[WHAT TO PRODUCE]
Please repeat, precisely as written, only the lines from the one containing "5. Group shot" through the last line of the records below, pictures omitted.

[PROVIDED DATA]
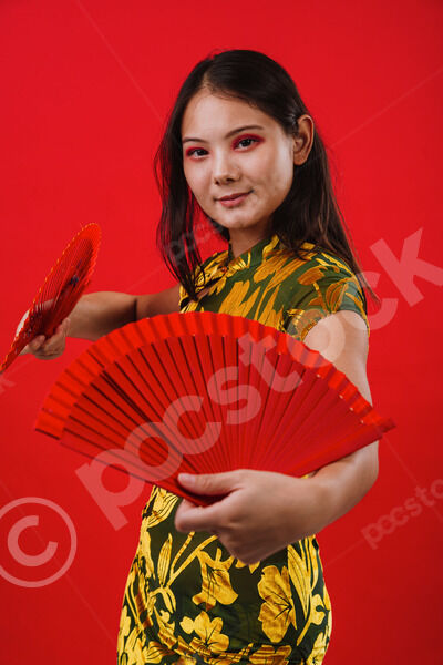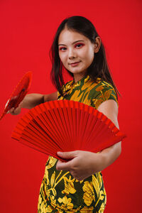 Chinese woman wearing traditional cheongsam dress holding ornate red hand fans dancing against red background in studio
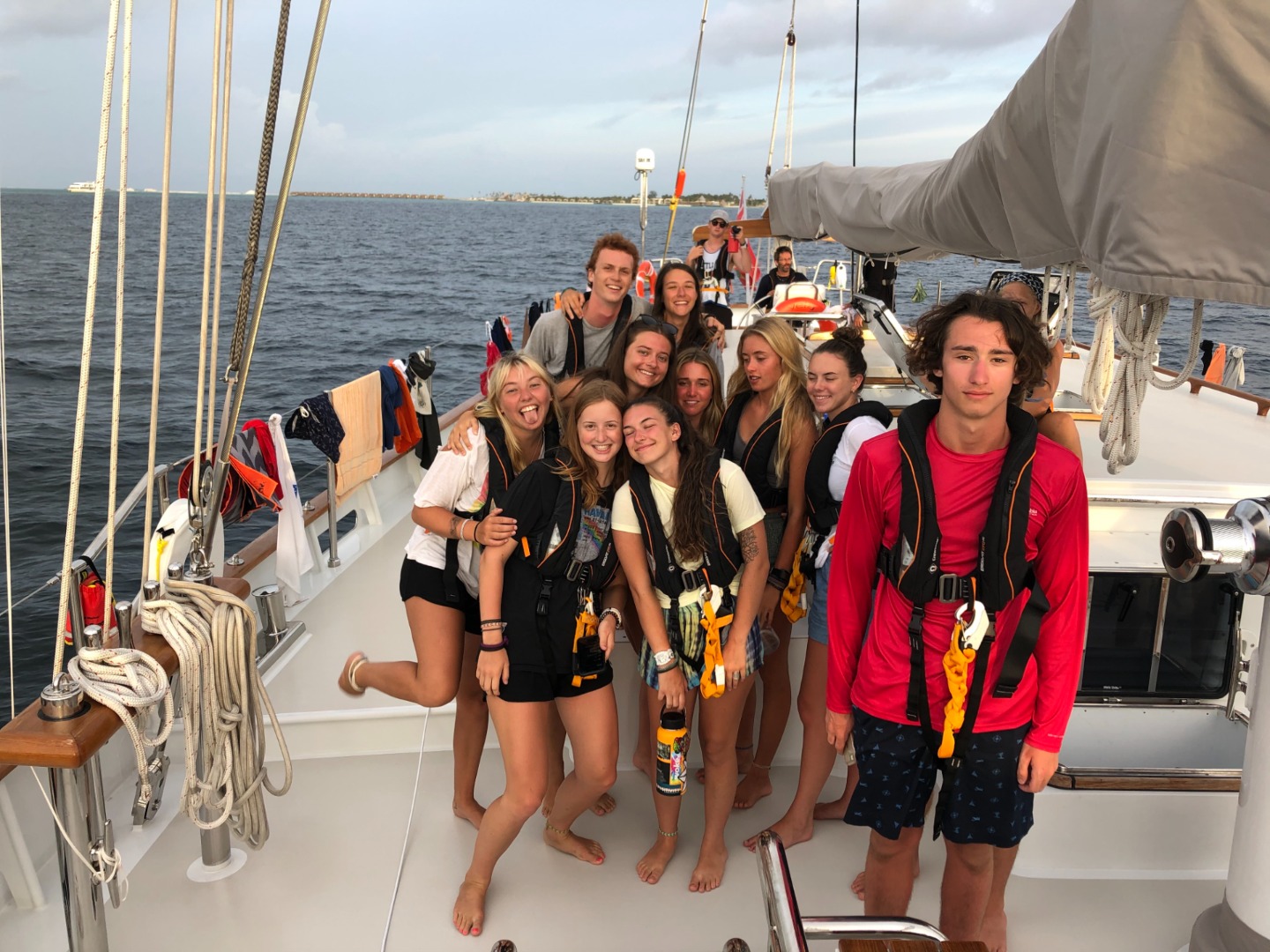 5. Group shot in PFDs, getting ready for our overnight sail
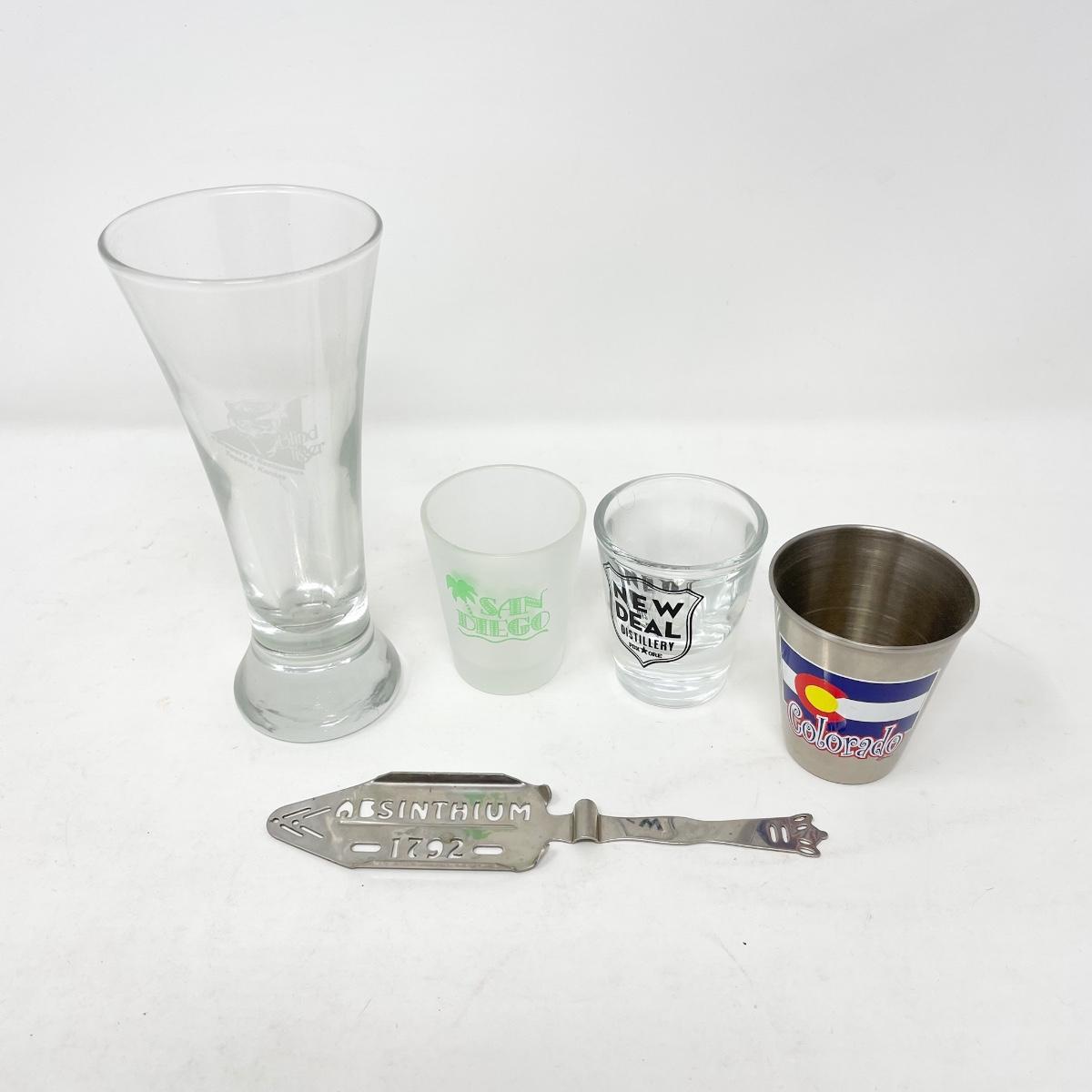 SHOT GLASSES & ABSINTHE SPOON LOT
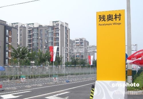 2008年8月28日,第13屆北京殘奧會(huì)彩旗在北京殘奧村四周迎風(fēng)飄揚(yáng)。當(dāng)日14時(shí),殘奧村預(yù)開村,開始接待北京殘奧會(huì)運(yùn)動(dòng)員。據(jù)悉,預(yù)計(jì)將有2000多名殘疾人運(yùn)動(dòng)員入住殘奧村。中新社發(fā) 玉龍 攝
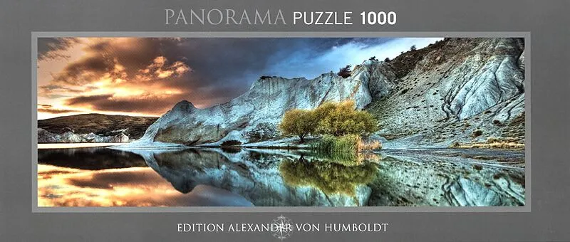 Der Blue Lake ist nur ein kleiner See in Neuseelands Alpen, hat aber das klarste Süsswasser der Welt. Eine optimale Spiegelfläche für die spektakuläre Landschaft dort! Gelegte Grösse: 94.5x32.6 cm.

[YOUR SOLUTION]
 5. Group shot in PFDs, getting ready for our overnight sail
 SHOT GLASSES & ABSINTHE SPOON LOT
 2008年8月28日,第13屆北京殘奧會(huì)彩旗在北京殘奧村四周迎風(fēng)飄揚(yáng)。當(dāng)日14時(shí),殘奧村預(yù)開村,開始接待北京殘奧會(huì)運(yùn)動(dòng)員。據(jù)悉,預(yù)計(jì)將有2000多名殘疾人運(yùn)動(dòng)員入住殘奧村。中新社發(fā) 玉龍 攝
 Der Blue Lake ist nur ein kleiner See in Neuseelands Alpen, hat aber das klarste Süsswasser der Welt. Eine optimale Spiegelfläche für die spektakuläre Landschaft dort! Gelegte Grösse: 94.5x32.6 cm.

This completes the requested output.